CEVA Redefines High Performance AI/ML Processing for Edge AI and Edge Compute Devices with its NeuPro-M Heterogeneous and Secure Processor Architecture

Published: 2022-01-06 12:00:00 ET
<<<  go to CEVA company page

- 3rd generation NeuPro AI/ML architecture offers scalable performance of 20 to 1,200 TOPS at SoC and Chiplet levels, lowers memory bandwidth by 6X

- Targets broad use of AI/ML in automotive, industrial, 5G networks and handsets, surveillance cameras, and Edge Compute

LAS VEGAS, Jan. 6, 2022 /PRNewswire/-- Consumer Electronics Show  CEVA, Inc. (NASDAQ: CEVA), the leading licensor of wireless connectivity and smart sensing technologies and integrated IP solutions, today announced NeuPro-M, its latest generation processor architecture for artificial intelligence and machine learning (AI/ML) inference workloads. Targeting the broad markets of Edge AI and Edge Compute, NeuPro-M is a self-contained heterogeneous architecture that is composed of multiple specialized co-processors and configurable hardware accelerators that seamlessly and simultaneously process diverse workloads of Deep Neural Networks, boosting performance by 5-15X compared to its predecessor. An industry first, NeuPro-M supports both system-on-chip (SoC) as well as Heterogeneous SoC (HSoC) scalability to achieve up to 1,200 TOPS and offers optional robust secure boot and end-to-end data privacy.

NeuPro-M is the latest generation processor architecture from CEVA for artificial intelligence and machine learning (AI/ML) inference workloads.

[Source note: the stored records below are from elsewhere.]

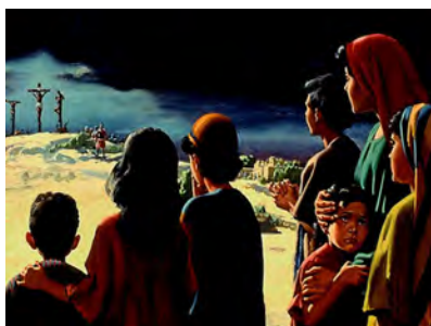
The Holy Spirit points us to Christ and reveals Christ to us.

The Holy Spirit also works toward our salvation.
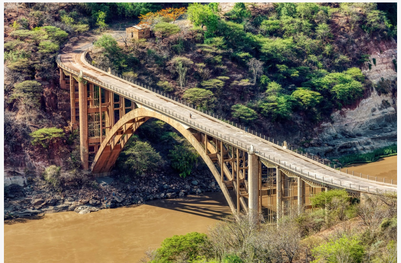
Bridge across river Blue Nile, Ethiopia
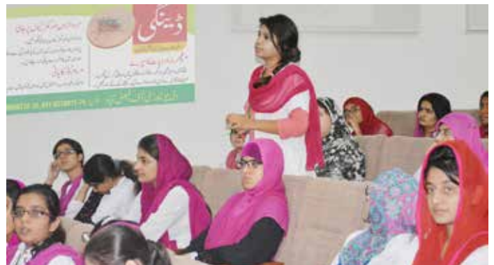
Questions Answer session
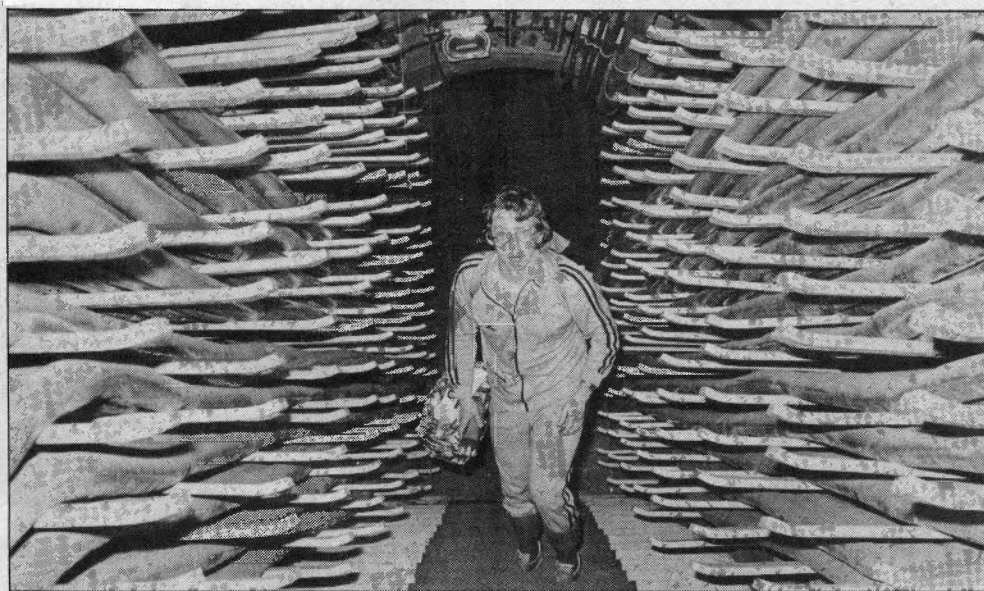
Stairs lead up from the deadly Euston tunnel to the Holborn tunnel.

Close at hand, shafts GA and BC, complete with lift, now emerge in Holborn Telephone Exchange, and the entrance to this building is a mere 30 yards from our Great Turnstile offices. This geographical good fortune has already been communicated to other staff, and plans are in hand for commandeering the place as a People's Nuclear Shelter (with especial reference to journalists) should the Worst happen, or be thought likely. Until then, our handy Holborn shafts provide convenient access to

Targeting the broad markets of Edge AI and Edge Compute, NeuPro-M is a self-contained heterogeneous architecture that is composed of multiple specialized co-processors and configurable hardware accelerators that seamlessly and simultaneously process diverse workloads of Deep Neural Networks, boosting performance by 5-15X compared to its predecessor.

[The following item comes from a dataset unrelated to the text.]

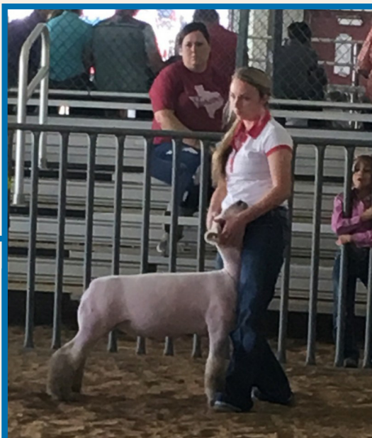
Popular Ewe Lamb on the Texas Circuit Sire: Riot Maker Dam: Old School Daughter
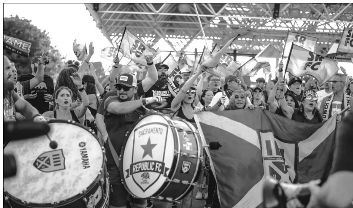
Republic FC's 2025 playoff campaign is sponsored by Sentivo Vineyards & Winery. The partners will team up for a variety of fan and community engagement opportunities throughout the postseason, including the club's Week of Service leading up to the Quarterfinal match on Nov. 2.

The general public on-sale tickets began Oct. 16 at SacRepublicFC.com and seats start at just $25. Season ticket members have priority access to purchase additional seats at a discounted price before any remaining seats are released to the public. To stay up to date on the latest playoff ticket news, supporters can text

NeuPro–M compliant processors initially include the following pre-configured cores:

  • NPM11 – single NeuPro-M engine, up to 20 TOPS at 1.25GHz
  • NPM18 – eight NeuPro-M engines, up to 160 TOPS at 1.25GHz

Illustrating its leading-edge performance, a single NPM11 core, when processing a ResNet50 convolutional neural network, achieves a 5X performance increase and 6X memory bandwidth reduction versus its predecessor, which results in exceptional power efficiency of up to 24 TOPS per watt.

Built on the success of its' predecessors, NeuPro-M is capable of processing all known neural network architectures, as well as integrated native support for next-generation networks like transformers, 3D convolution, self-attention and all types of recurrent neural networks. NeuPro-M has been optimized to process more than 250 neural networks, more than 450 AI kernels and more than 50 algorithms. The embedded vector processing unit (VPU) ensures future proof software-based support of new neural network topologies and new advances in AI workloads. Furthermore, the CDNN offline compression tool can increase the FPS/Watt of the NeuPro-M by a factor of 5-10X for common benchmarks, with very minimal impact on accuracy.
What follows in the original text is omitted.